Material provided ::
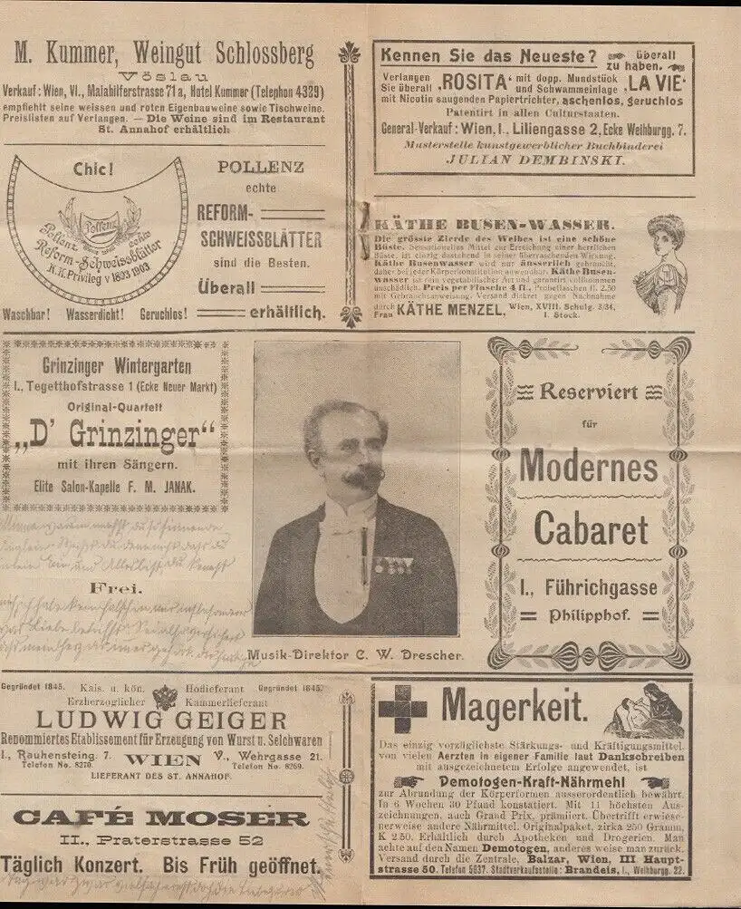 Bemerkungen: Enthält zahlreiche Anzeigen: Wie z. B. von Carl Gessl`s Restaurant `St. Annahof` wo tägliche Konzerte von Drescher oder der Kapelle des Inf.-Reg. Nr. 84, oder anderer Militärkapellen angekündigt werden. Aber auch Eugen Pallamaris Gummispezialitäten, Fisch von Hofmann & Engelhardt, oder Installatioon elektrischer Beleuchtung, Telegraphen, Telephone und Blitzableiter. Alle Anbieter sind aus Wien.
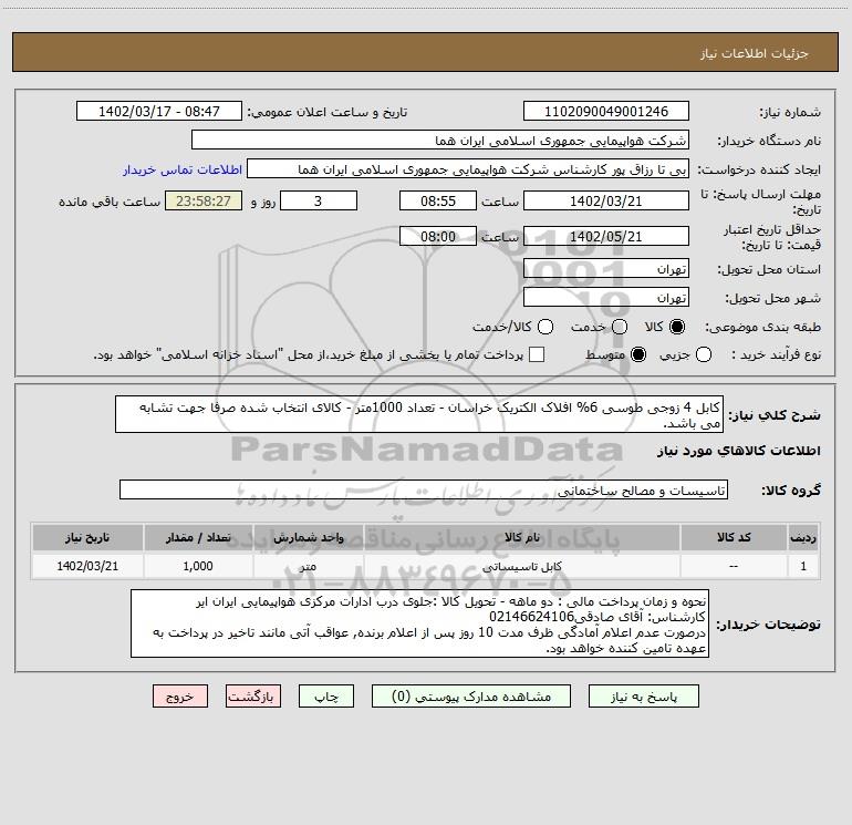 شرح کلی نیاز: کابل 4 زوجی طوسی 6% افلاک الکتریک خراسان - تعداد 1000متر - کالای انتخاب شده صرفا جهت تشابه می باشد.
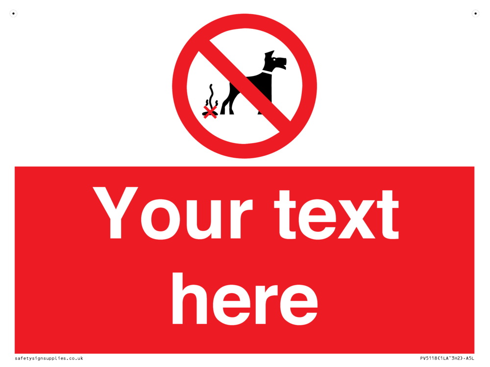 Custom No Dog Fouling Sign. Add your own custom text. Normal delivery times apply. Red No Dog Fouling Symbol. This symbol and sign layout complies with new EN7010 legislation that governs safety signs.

Task to complete ::
Set the whole listing down again unchanged, apart from the pictures, which are omitted.

Answer to this task ::
 Bemerkungen: Enthält zahlreiche Anzeigen: Wie z. B. von Carl Gessl`s Restaurant `St. Annahof` wo tägliche Konzerte von Drescher oder der Kapelle des Inf.-Reg. Nr. 84, oder anderer Militärkapellen angekündigt werden. Aber auch Eugen Pallamaris Gummispezialitäten, Fisch von Hofmann & Engelhardt, oder Installatioon elektrischer Beleuchtung, Telegraphen, Telephone und Blitzableiter. Alle Anbieter sind aus Wien.
 شرح کلی نیاز: کابل 4 زوجی طوسی 6% افلاک الکتریک خراسان - تعداد 1000متر - کالای انتخاب شده صرفا جهت تشابه می باشد.
 Custom No Dog Fouling Sign. Add your own custom text. Normal delivery times apply. Red No Dog Fouling Symbol. This symbol and sign layout complies with new EN7010 legislation that governs safety signs.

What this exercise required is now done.